The exemption was initially promulgated for state fairness hearings which were prevalent prior to the adoption of the Securities Act. And still today, particularly in California, the procedure is used in takeover transactions to issue securities exempt from registration under the Securities Act (for more on California fairness hearings see here; every M&A lawyer in California should be familiar with and advise their clients of this structure where appropriate). Smart U.S. lawyers practicing abroad picked up that this exemption also fit the parameters of the proceedings for a scheme of arrangement and began to petition the SEC for no-action letters to this effect for schemes under the laws of different countries. A practice developed in the early 1990s that the SEC would issue no-action relief on a case-by-case basis for each scheme. Then in October 1999, the SEC issued a legal bulletin specifying the circumstances in which a foreign scheme of arrangement could qualify for the 3(a)(10) exemption. Today, almost all schemes now qualify and the practice is no longer to seek no-action from the SEC, but rather to rely upon the requirements set forth in the October 1999 bulletin.

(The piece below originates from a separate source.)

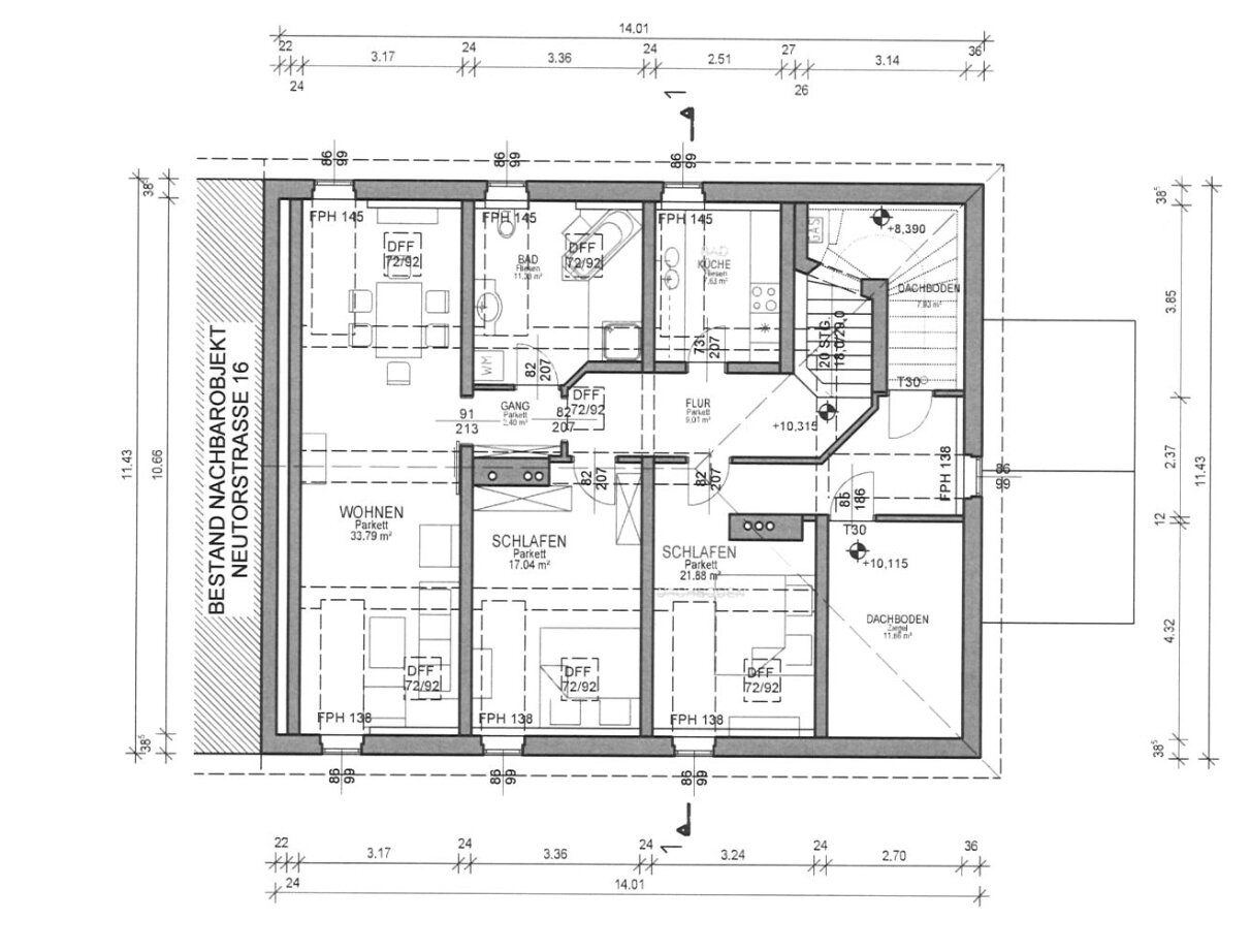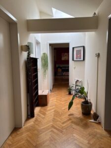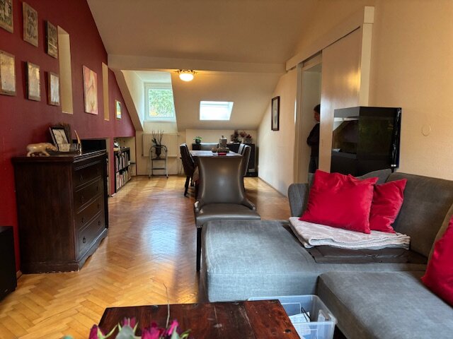 Sonnige und gemütliche 1991 ausgebaute Dachgeschoß-Altbauwohnung in bezaubernder Ceconi-Villa in unmittelbarer Nähe zum Neutor, zum Festspielhaus und zur Altstadt. Über das gepflegte Stiegenhaus erreicht man den Eingang der gemütlichen 3-Zimmer-Wohnung im 2.OG. Von hier geht es über eine eigene Innentreppe in den geräumigen Vorraum des Dachgeschoßes. Zur linken gelangt man in zwei Schlafzimmer und in die praktische Ankleide inkl. Abstellraum. Gleich gegenüber befinden sich das wunderschön ausgestattete neue Bad mit Regendusche und die moderne Küche mit allen Einbaugeräten. Am Ende des Vorraumes betritt man den großzügigen Wohnbereich, der nach Süden und Norden ausgerichtet ist. Hochwertige Parkettböden, schöne Türen und Fenster sowie die qualitätvolle Badezimmer-Ausstattung sorgen für eine äußerst angenehme Wohnatmosphäre trotz oder gerade wegen der Dachschräge. Der zur Wohnung gehörige Garten im Innenhof wird gleich zum Lieblingsplatzerl – hier lässt sich morgens mit Blick auf den Mönchsberg der Kaffee und abends ein Glas Wein herrlich genießen. Ein Parkplatz im Hof und ein Garagenplatz sorgen für entspanntes nach Hause kommen. 2012 erfolgte wegen des schwierigen Untergrundes eine sorgfältige gründungstechnische Sanierung der Ceconi-Villa. Vor 3 Jahren wurden alle Fenster der Dachgeschoßwohnung getauscht – in allen Räumen befinden sich schöne frisch abgeschliffene Fischgrät-Parkettböden.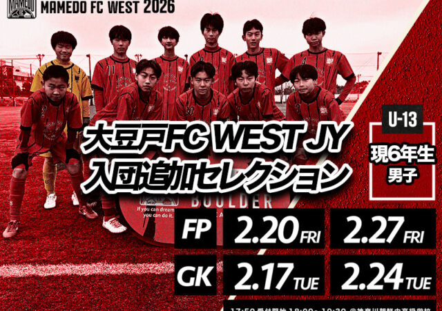 2026年度 大豆戸FC WEST JY 新U-13 入団追加セレクション開催!

The scheme of arrangement is a particularly advantageous way to extend an offer into the United States because there are no filing requirements with the SEC and no real substantive requirements other than that the judge be informed of the exemption and rule specifically on the fairness of the terms and conditions of the transaction. These are lesser information and filing requirements than required even by the SEC's Cross-Border exemptions. Because of this, U.S. lawyers often advise their non-U.S. clients to pursue a scheme of arrangement in order to significantly avoid U.S. securities law requirements even when U.S. holders number less than 10% and the cross-border exemptions can be met. This makes no sense, of course -- why U.S. holders do not get the benefits of U.S. registration requirements or the protections of the cross-border rules for this type of structure but not in the case of an offer has never been justified fully by the SEC other than statements that the strictures of 3(a)(10) are met. But if the SEC ever attended one of these scheme hearings they would see that the "fairness" ruling upon which the exemption is based is a pro forma event without significant substance. As I have argued before, the cross-border exemptions are due for some significant fine-tuning. If and when the SEC finally gets around to this acting to make the exemptions more usable, hopefully they will also reconsider the 3(a)(10) exemption for schemes.